**Your goal:** Keep the pictures out, and restate the listing that follows exactly as written.

**Provided material:**
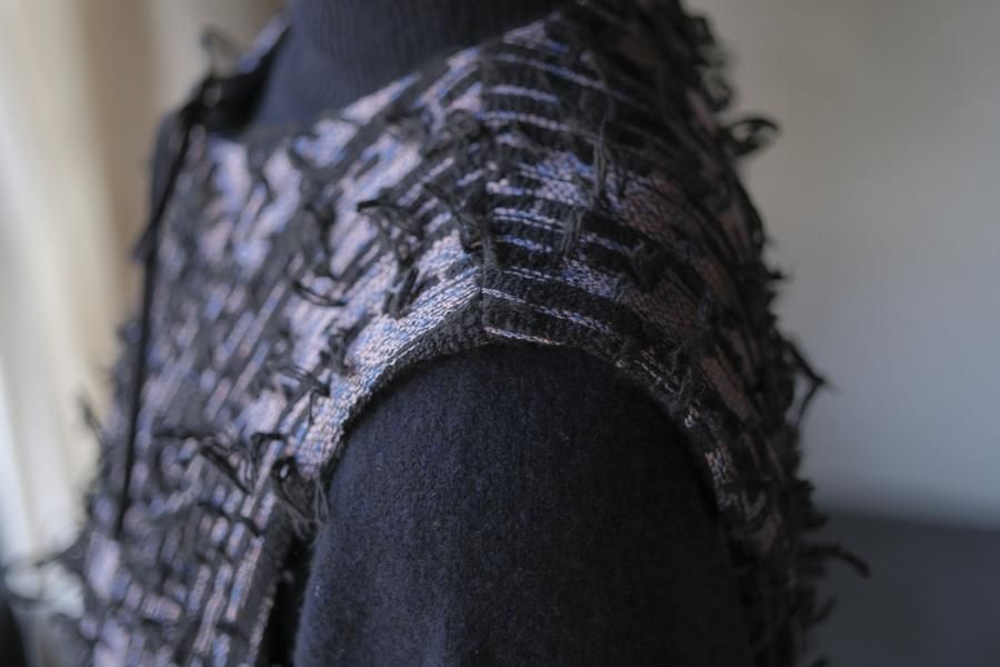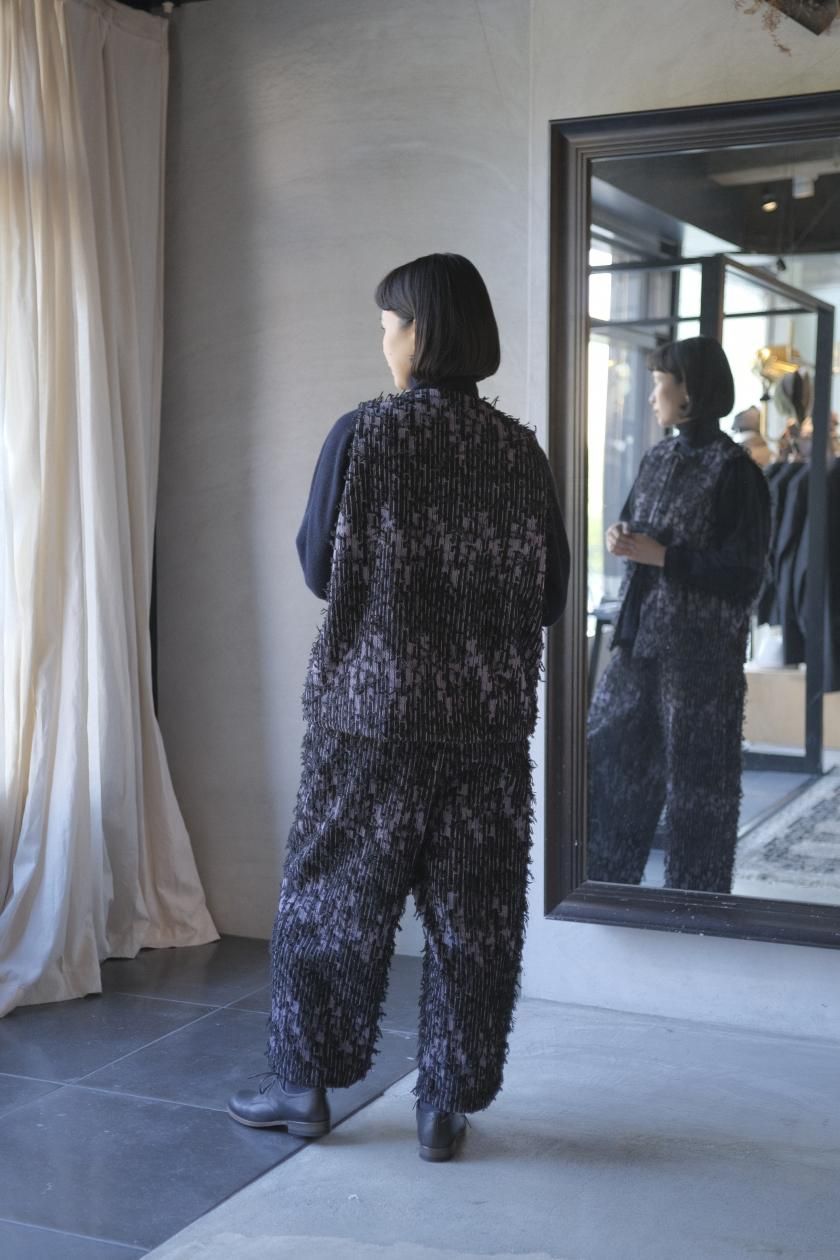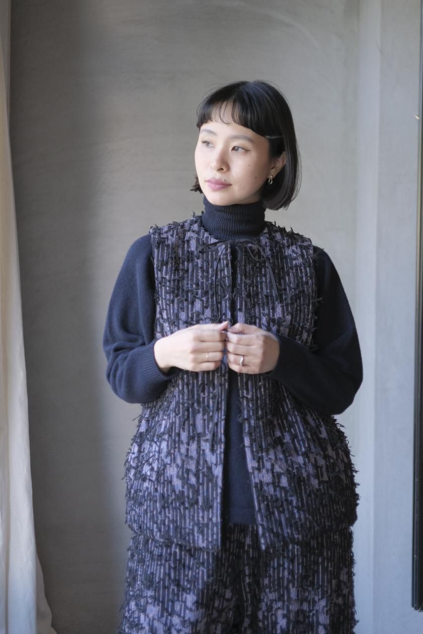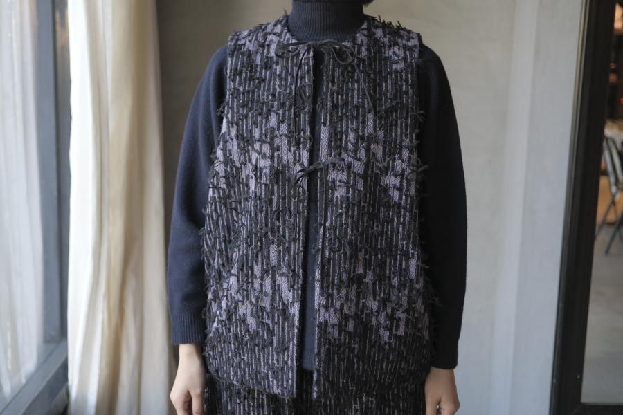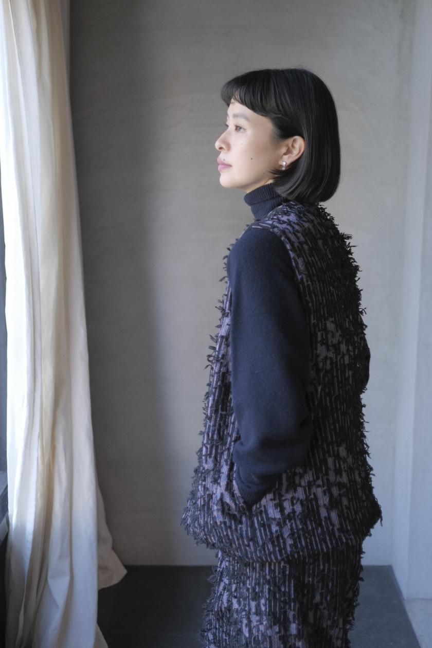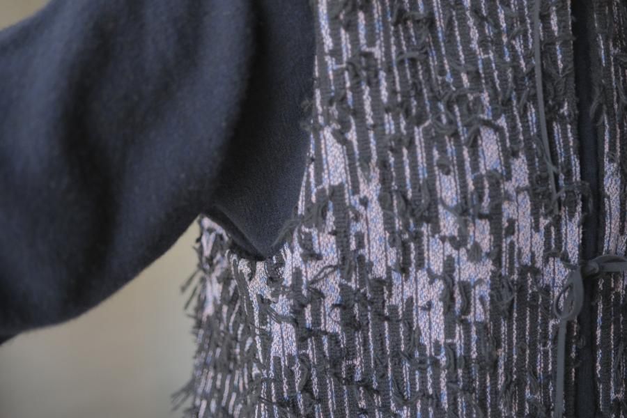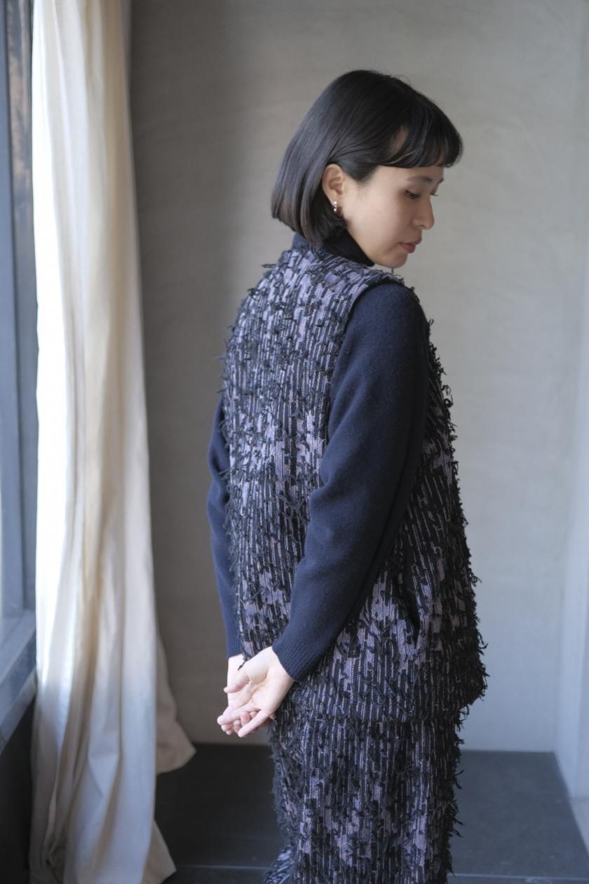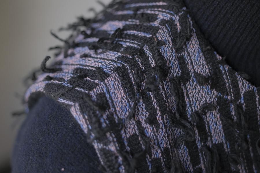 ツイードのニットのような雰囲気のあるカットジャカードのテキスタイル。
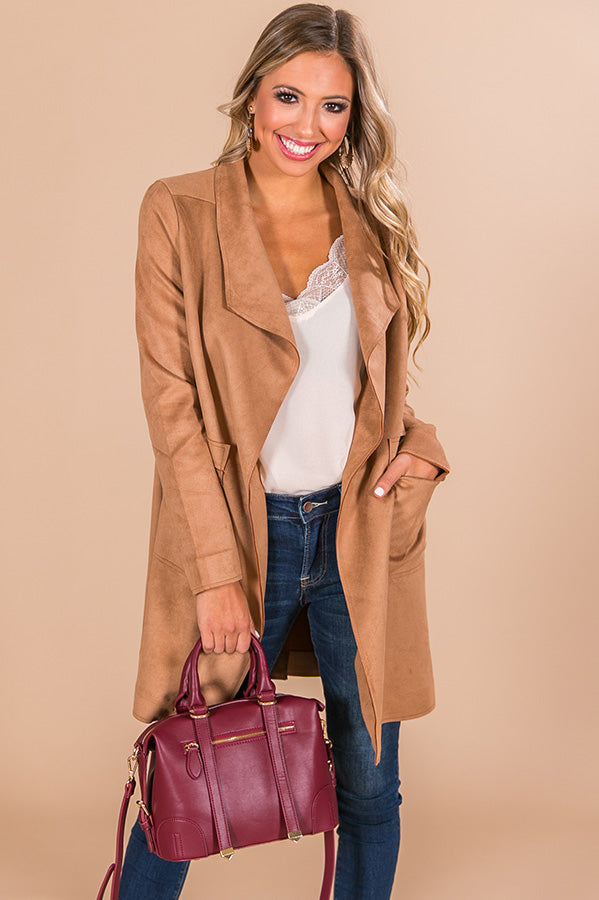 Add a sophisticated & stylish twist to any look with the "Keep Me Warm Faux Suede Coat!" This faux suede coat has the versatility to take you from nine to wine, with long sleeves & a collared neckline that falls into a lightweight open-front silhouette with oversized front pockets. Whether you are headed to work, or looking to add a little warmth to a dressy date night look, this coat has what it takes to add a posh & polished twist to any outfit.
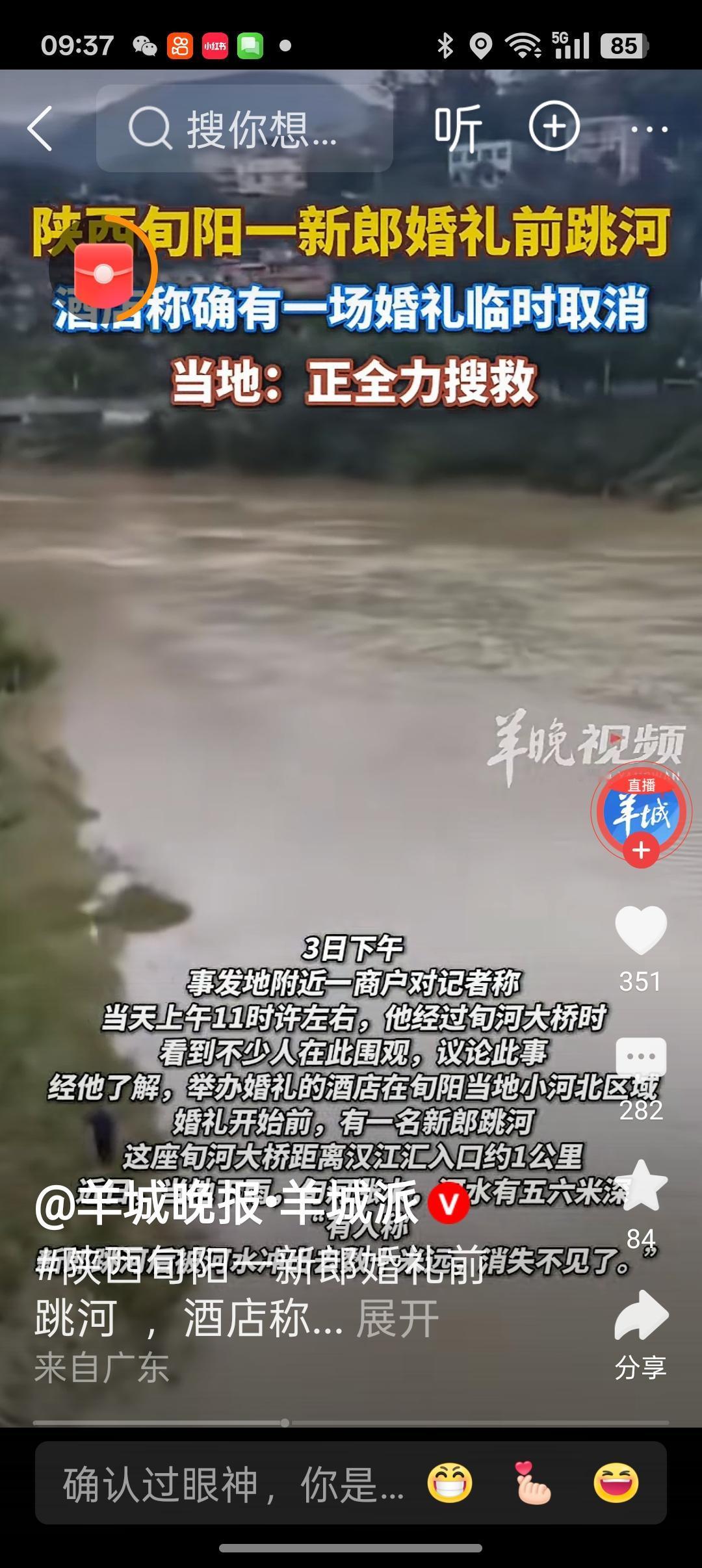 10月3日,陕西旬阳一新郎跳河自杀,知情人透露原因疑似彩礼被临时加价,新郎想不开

**Expected answer:**
 ツイードのニットのような雰囲気のあるカットジャカードのテキスタイル。
 Add a sophisticated & stylish twist to any look with the "Keep Me Warm Faux Suede Coat!" This faux suede coat has the versatility to take you from nine to wine, with long sleeves & a collared neckline that falls into a lightweight open-front silhouette with oversized front pockets. Whether you are headed to work, or looking to add a little warmth to a dressy date night look, this coat has what it takes to add a posh & polished twist to any outfit.
 10月3日,陕西旬阳一新郎跳河自杀,知情人透露原因疑似彩礼被临时加价,新郎想不开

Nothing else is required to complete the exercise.